__Task directions__
After locating the line that holds "MEXICO, D.F. 14MARZO2007.- Mariano", copy that line and all that follow it word for word through the end of the data, with no pictures.

Content starts

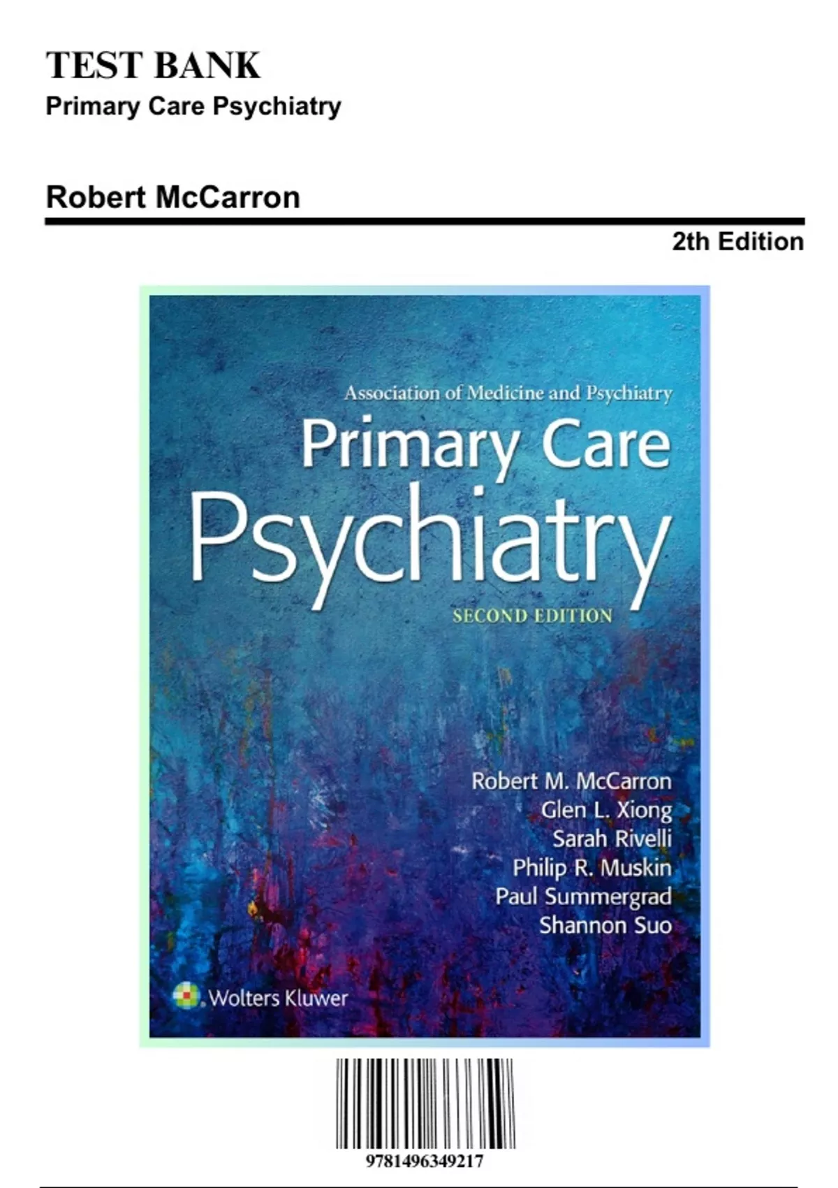 Test Bank for Primary Care Psychiatry, 2nd Edition by Robert McCarron, 9781496349217, Covering Chapters 1-26 | Includes Rationales
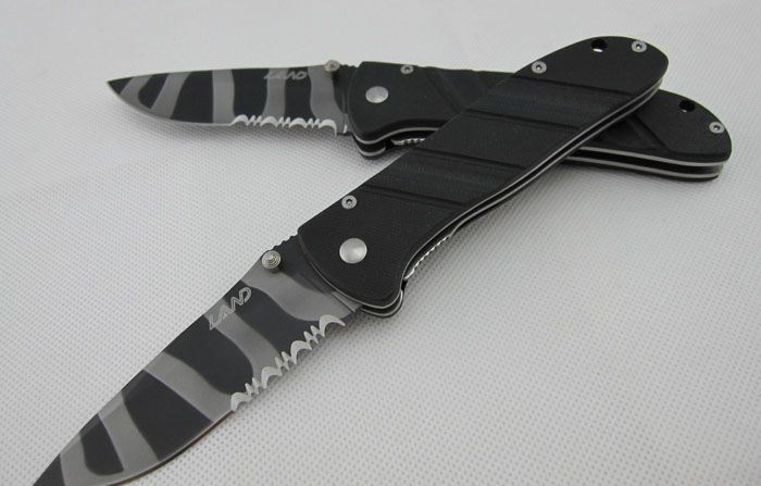 三刃木(LAND)GB9-907折刀(虎纹) 全 长: 20.3cm 刃 长: 8.8cm 刃 宽: 3.0cm(最宽处) 闭 合: 11.0cm(柄长) 刃 材: 440 不锈钢 硬 度: 56 HRC 表 面: 虎纹 刃 厚: 0.28cm 柄 材: G10 净 重: 80.0g 包 装:原厂纸盒 锁 闭: 线锁 其 他:配附背夹,半齿开锋
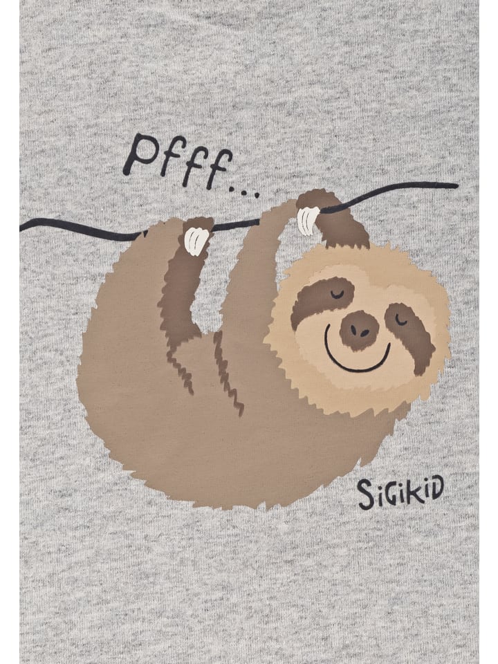 Детская пижама с короткими рукавами ленивец, детская одежда для сна sigikid, весна/лето 2024 г. Изготовлена из хлопка из контролируемого органического земледелия. Одинарный трикотаж, плотностью около 180 г/м². Футболка в мелкую серую полоску; принт с изображением ленивца. Длинные брюки в желтую/белую полоску с эластичным поясом, манжеты на штанинах, принт с надписью sigikid. Все ткани в наших детских пижамах сертифицированы по маркировке Confidence in Textiles OEKO-TEX Standard 100 без предупреждения (без предупреждения).
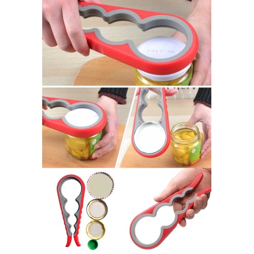 4 Fonksiyonlu Plastik -Silikon Şişe Kavanoz Kapağı Açma Aparatı
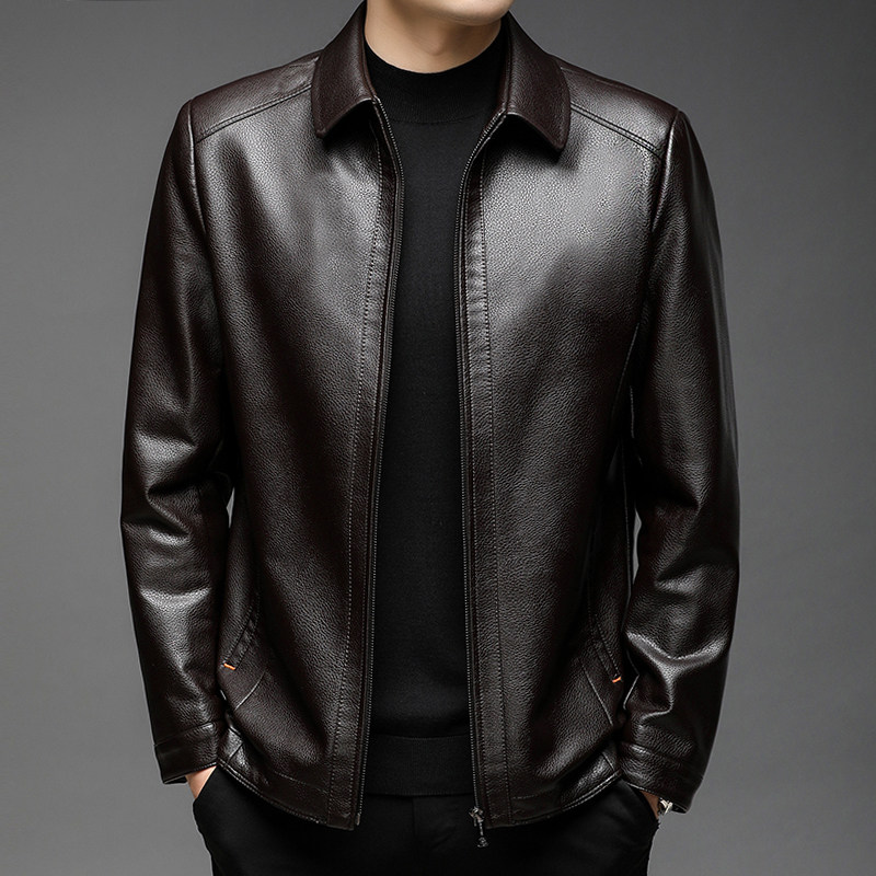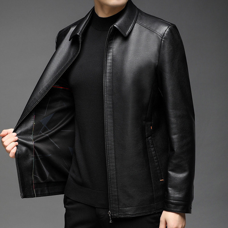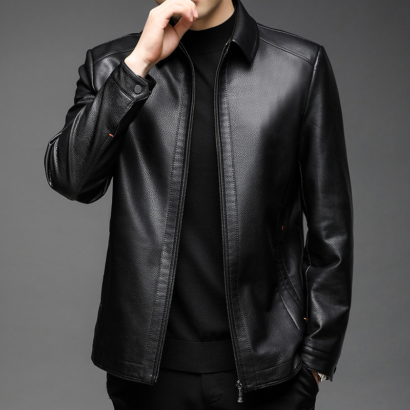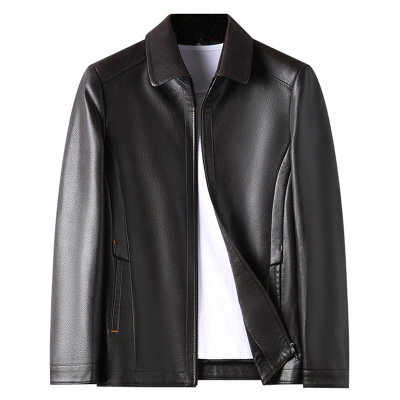 海宁进口头层牛皮皮衣男加绒加厚短款中年秋冬真皮皮夹克爸爸外套
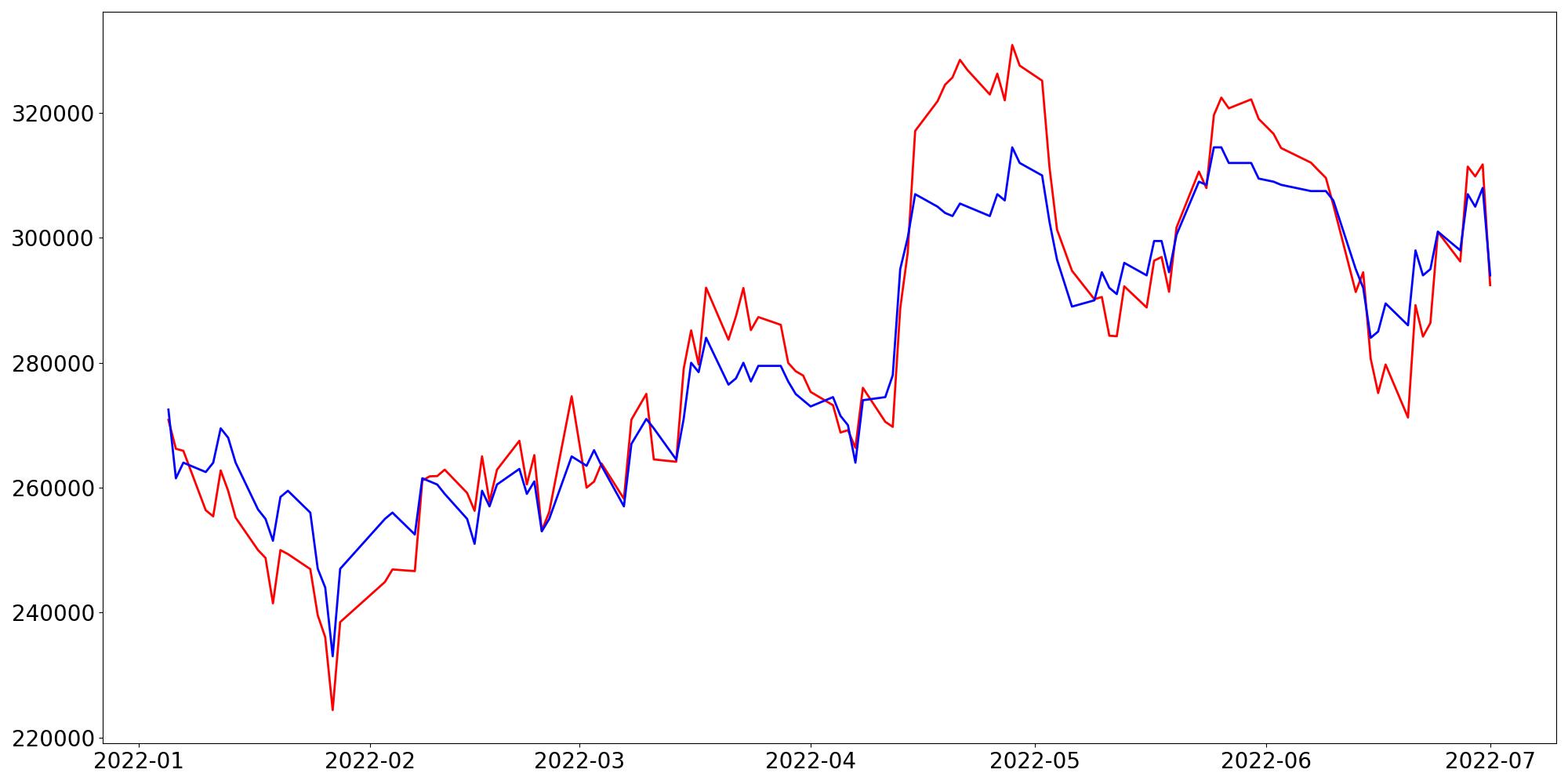 [ - : 실제값(종가) / - : 예측값(종가) ]
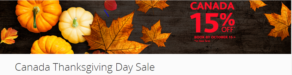 Nuestro socio Air Canadá ofrece esta oferta para celebrar Thanksgiving Canada con un 15% descuento para vuelos de Air Canada desde España y Portugal a Canadá.
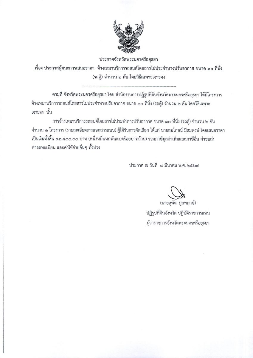 ประกาศผู้ชนะการเสนอราคา จ้างเหมาบริการรถยนต์โดยสารไม่ประจำทางปรับอากาศ ขนาด 10 ที่นั้ง (รถตู้) จำนวน 2 คัน โดยวิธีเฉพาะเจาะจง
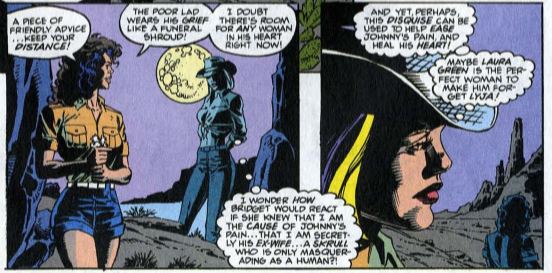 We then cut to the “Great Western Desert,” where Johnny and She-Hulk are messing around with their powers, using the desert as a makeshift Danger Room. Johnny wants to talk to the mysterious blonde who helped him out during the battle last issue, but she runs off before he gets a chance. The blonde instead meets up with feisty coed Bridget O’Neil. Bridget says the blonde is a source of much gossip. The blonde introduces herself as Laura Green, and she says she was a last-minute addition to this, their school archeology trip. They talk about Johnny, with Bridget says Johnny is recently divorced, and she tells Laura to “keep your distance.” Laura then reveals what the reader already knows, that she is Lyja the Skrull in disguise, in hopes that “Laura” will make Johnny forget he ever knew Lyja.
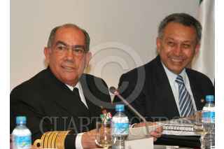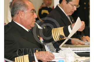 MEXICO, D.F. 14MARZO2007.- Mariano Saynes Mendoza, secretario de Marina y el senador Sebastián Calderón durante la reunión de trabajo con la comisión de Marina en el senado de la República. FOTO: NELLY SALAS/CUARTOSCURO.COM
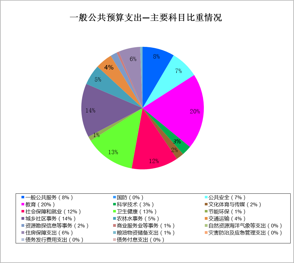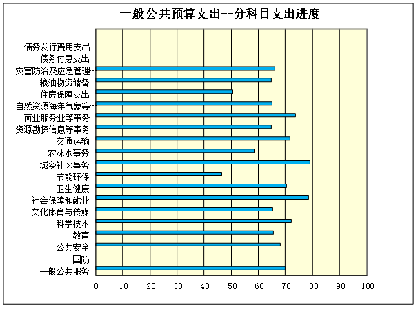 分科目情况:一般公共服务支出完成18368万元,占变动预算的70%,同比下降16%;公共安全支出完成15876万元,占变动预算的68.2%,同比下降3.4%;教育支出完成43936万元,占变动预算的65.6%,同比增长1.5%;科学技术支出完成5590万元,占变动预算的72.2%,同比增长82.6%;文化体育与传媒支出完成5970元,占变动预算的65.4%,同比下降73%;社会保障和就业支出完成28896万元,占变动预算的78.6%,同比增长98.6%;卫生健康支出完成27920万元,占变动预算的70.5%,同比增长29.8%;节能环保支出完成4022万元,占变动预算的46.6%,同比下降55%;城乡社区事务支出完成29601万元,占变动预算的79.1%,同比下降16.8%;农林水事务支出完成12833万元,占变动预算的58.6%,同比增长16.8%;交通运输支出完成9129万元,占变动预算的71.7%,同比增长60%;资源勘探信息等事务支出完成4745万元,占变动预算64.8%,同比增长137.7%;商业服务业等事务支出完成1885万元,占变动预算的73.6%,同比增长36.4%;自然资源海洋气象等支出完成6461万元,占变动预算65.1%,同比增长342.5%;住房保障支出完成12974万元,占变动预算50.5%,同比增长42.2%;粮油物资储备支出完成1620万元,占变动预算的64.8%,同比下降3.2%;灾害防治及应急管理支出完成1791万元,占变动预算的66.1%,同比增长6.2%。其他支出完成220万元,占变动预算的28.5%,同比增长168.3%。债务付息支出完成9089万元,占变动预算的67.8%,同比下降62.1%。
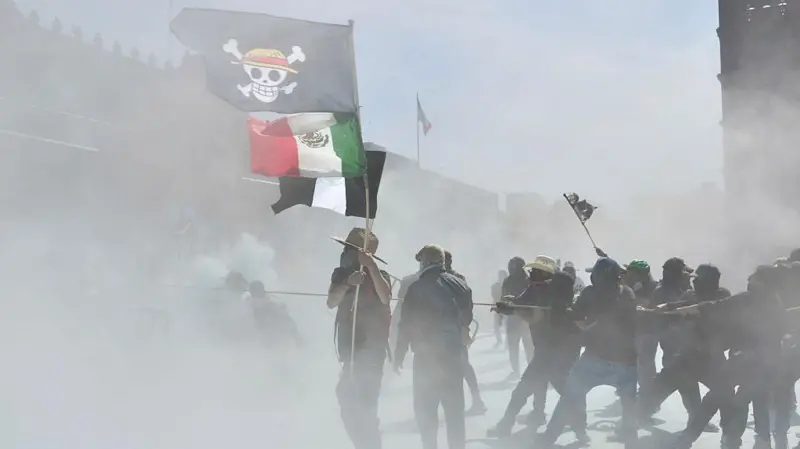 Un manifestante sostiene una bandera del manga One Piece y una bandera de México durante una protesta contra el gobierno de la presidenta
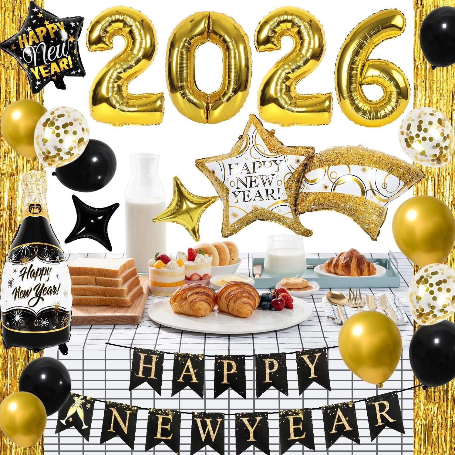 Labeol 39 PCS New Years Decorations 2026, Happy New Year Set with Large Foil Balloons, Banner, Gold Foil Curtains Black, Gold, Confetti Balloons for Party,

Content ends

__Answer to the exercise__
 MEXICO, D.F. 14MARZO2007.- Mariano Saynes Mendoza, secretario de Marina y el senador Sebastián Calderón durante la reunión de trabajo con la comisión de Marina en el senado de la República. FOTO: NELLY SALAS/CUARTOSCURO.COM
 分科目情况:一般公共服务支出完成18368万元,占变动预算的70%,同比下降16%;公共安全支出完成15876万元,占变动预算的68.2%,同比下降3.4%;教育支出完成43936万元,占变动预算的65.6%,同比增长1.5%;科学技术支出完成5590万元,占变动预算的72.2%,同比增长82.6%;文化体育与传媒支出完成5970元,占变动预算的65.4%,同比下降73%;社会保障和就业支出完成28896万元,占变动预算的78.6%,同比增长98.6%;卫生健康支出完成27920万元,占变动预算的70.5%,同比增长29.8%;节能环保支出完成4022万元,占变动预算的46.6%,同比下降55%;城乡社区事务支出完成29601万元,占变动预算的79.1%,同比下降16.8%;农林水事务支出完成12833万元,占变动预算的58.6%,同比增长16.8%;交通运输支出完成9129万元,占变动预算的71.7%,同比增长60%;资源勘探信息等事务支出完成4745万元,占变动预算64.8%,同比增长137.7%;商业服务业等事务支出完成1885万元,占变动预算的73.6%,同比增长36.4%;自然资源海洋气象等支出完成6461万元,占变动预算65.1%,同比增长342.5%;住房保障支出完成12974万元,占变动预算50.5%,同比增长42.2%;粮油物资储备支出完成1620万元,占变动预算的64.8%,同比下降3.2%;灾害防治及应急管理支出完成1791万元,占变动预算的66.1%,同比增长6.2%。其他支出完成220万元,占变动预算的28.5%,同比增长168.3%。债务付息支出完成9089万元,占变动预算的67.8%,同比下降62.1%。
 Un manifestante sostiene una bandera del manga One Piece y una bandera de México durante una protesta contra el gobierno de la presidenta
 Labeol 39 PCS New Years Decorations 2026, Happy New Year Set with Large Foil Balloons, Banner, Gold Foil Curtains Black, Gold, Confetti Balloons for Party,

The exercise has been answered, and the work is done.